=== Material supplied ===
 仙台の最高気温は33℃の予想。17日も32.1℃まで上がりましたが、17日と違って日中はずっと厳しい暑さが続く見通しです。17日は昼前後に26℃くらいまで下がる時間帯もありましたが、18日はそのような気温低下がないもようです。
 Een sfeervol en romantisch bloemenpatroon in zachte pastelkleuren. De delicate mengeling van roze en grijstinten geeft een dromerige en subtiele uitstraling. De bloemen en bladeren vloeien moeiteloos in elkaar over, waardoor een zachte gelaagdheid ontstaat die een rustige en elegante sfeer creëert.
===
=== Material supplied ===
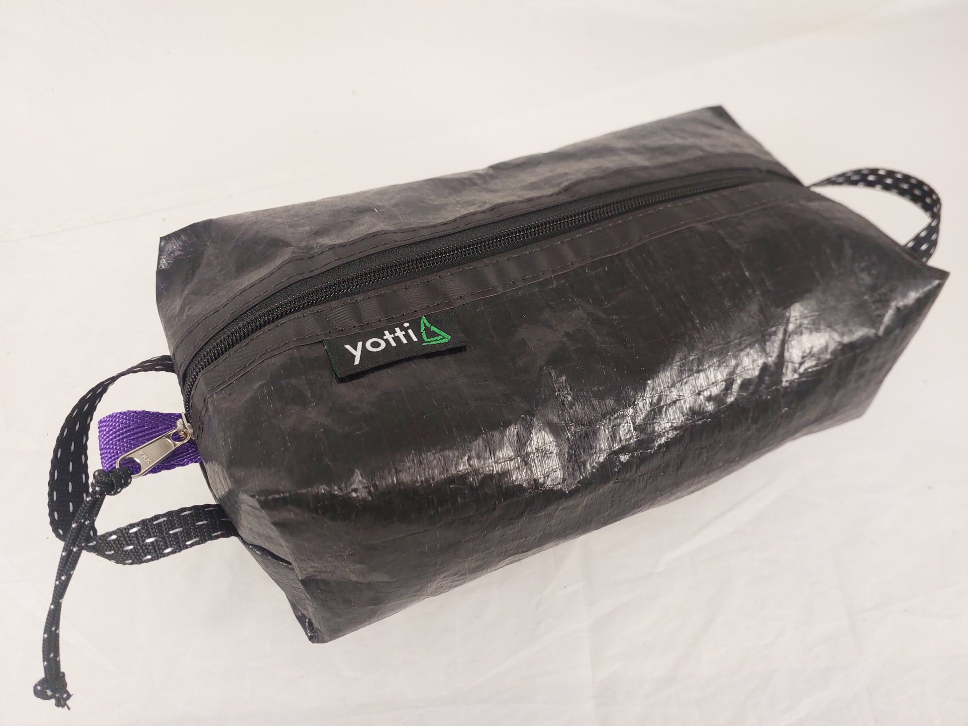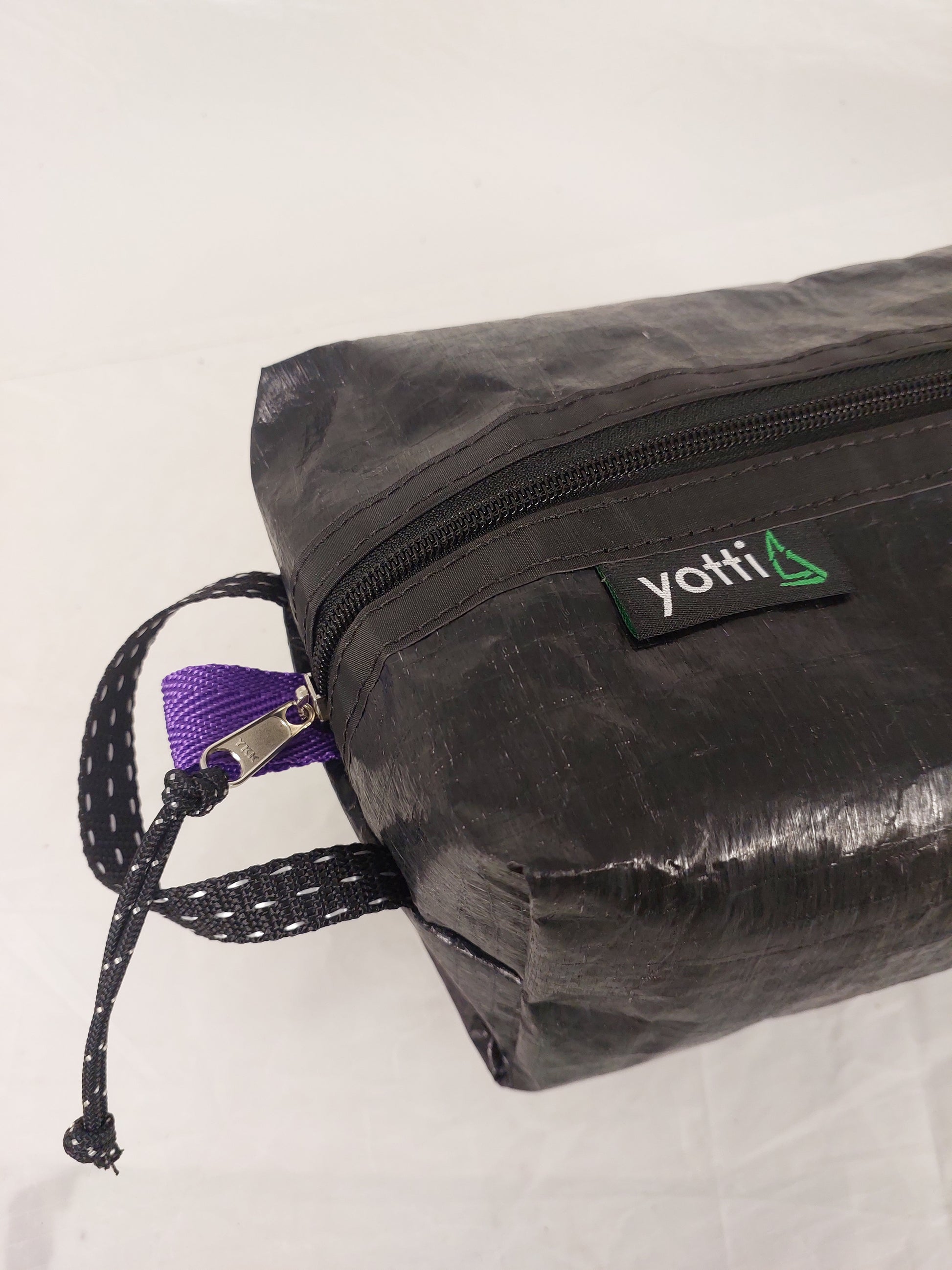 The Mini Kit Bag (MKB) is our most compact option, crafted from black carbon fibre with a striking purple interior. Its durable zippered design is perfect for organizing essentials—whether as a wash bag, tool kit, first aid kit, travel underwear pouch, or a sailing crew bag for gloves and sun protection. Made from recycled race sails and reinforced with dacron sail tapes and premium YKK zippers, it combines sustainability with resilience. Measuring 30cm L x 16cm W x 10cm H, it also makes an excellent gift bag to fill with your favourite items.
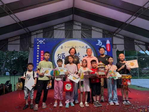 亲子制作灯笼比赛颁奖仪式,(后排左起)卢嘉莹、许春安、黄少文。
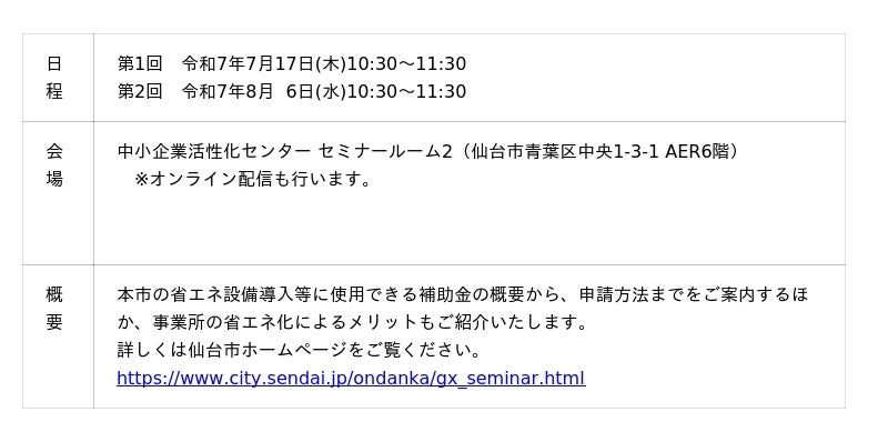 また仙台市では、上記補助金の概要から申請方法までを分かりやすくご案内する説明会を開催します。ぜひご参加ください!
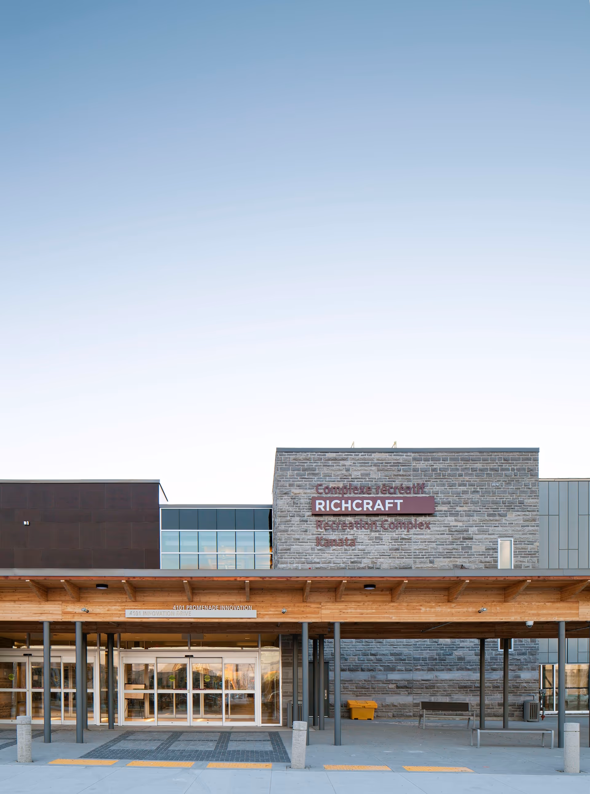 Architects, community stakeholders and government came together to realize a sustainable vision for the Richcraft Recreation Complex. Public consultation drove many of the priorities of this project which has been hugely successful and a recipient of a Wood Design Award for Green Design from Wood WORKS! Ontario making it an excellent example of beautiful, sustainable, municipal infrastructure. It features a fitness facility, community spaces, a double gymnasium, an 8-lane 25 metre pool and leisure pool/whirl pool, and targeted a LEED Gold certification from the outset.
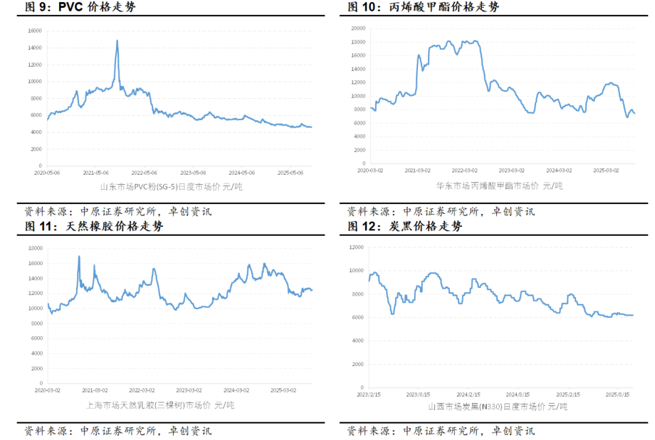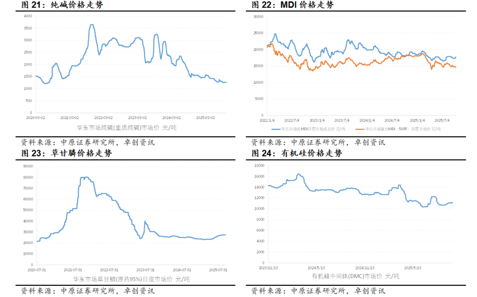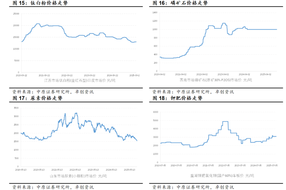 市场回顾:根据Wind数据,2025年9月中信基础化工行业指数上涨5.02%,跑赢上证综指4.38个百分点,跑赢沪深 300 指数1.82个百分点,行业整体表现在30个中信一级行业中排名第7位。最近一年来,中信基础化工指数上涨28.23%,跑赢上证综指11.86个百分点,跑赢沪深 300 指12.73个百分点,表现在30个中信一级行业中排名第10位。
===
=== Material supplied ===
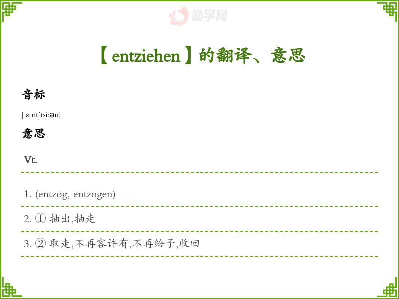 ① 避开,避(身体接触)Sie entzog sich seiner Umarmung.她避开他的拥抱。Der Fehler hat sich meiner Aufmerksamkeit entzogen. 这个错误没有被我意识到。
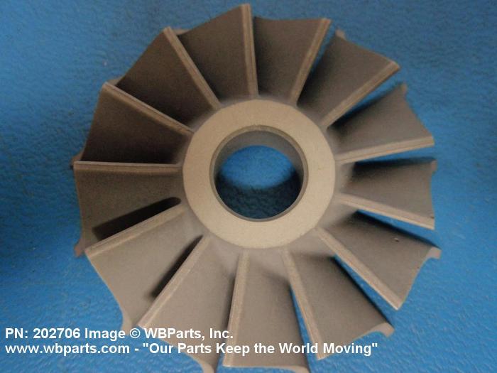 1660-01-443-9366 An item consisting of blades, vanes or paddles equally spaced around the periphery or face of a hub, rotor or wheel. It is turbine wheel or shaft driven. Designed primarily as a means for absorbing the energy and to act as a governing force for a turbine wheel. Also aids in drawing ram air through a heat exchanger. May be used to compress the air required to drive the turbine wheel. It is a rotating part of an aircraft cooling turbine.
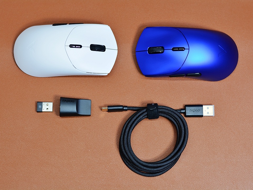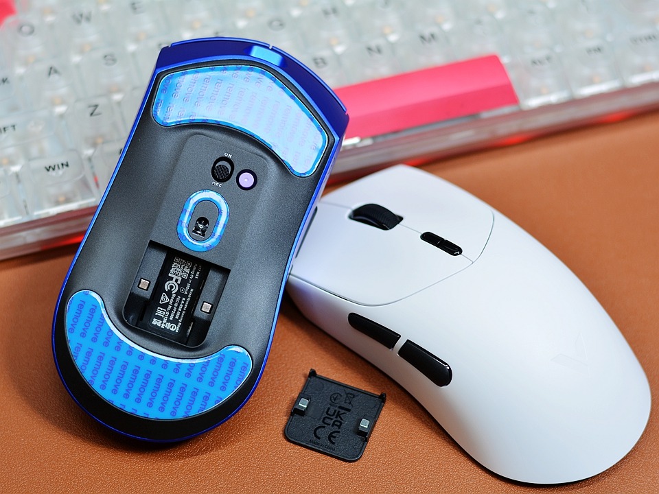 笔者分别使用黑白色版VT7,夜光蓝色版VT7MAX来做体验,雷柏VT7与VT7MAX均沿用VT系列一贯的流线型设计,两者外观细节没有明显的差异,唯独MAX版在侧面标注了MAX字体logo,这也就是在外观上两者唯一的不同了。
===
The task = Output exactly, and only, the lines of the entries above from the one with "1660-01-443-9366 An item" up to and including the one with "笔者分别使用黑白色版VT7,夜光蓝色版V"; pictures are to be left out.

Answer to this exercise =
 1660-01-443-9366 An item consisting of blades, vanes or paddles equally spaced around the periphery or face of a hub, rotor or wheel. It is turbine wheel or shaft driven. Designed primarily as a means for absorbing the energy and to act as a governing force for a turbine wheel. Also aids in drawing ram air through a heat exchanger. May be used to compress the air required to drive the turbine wheel. It is a rotating part of an aircraft cooling turbine.
 笔者分别使用黑白色版VT7,夜光蓝色版VT7MAX来做体验,雷柏VT7与VT7MAX均沿用VT系列一贯的流线型设计,两者外观细节没有明显的差异,唯独MAX版在侧面标注了MAX字体logo,这也就是在外观上两者唯一的不同了。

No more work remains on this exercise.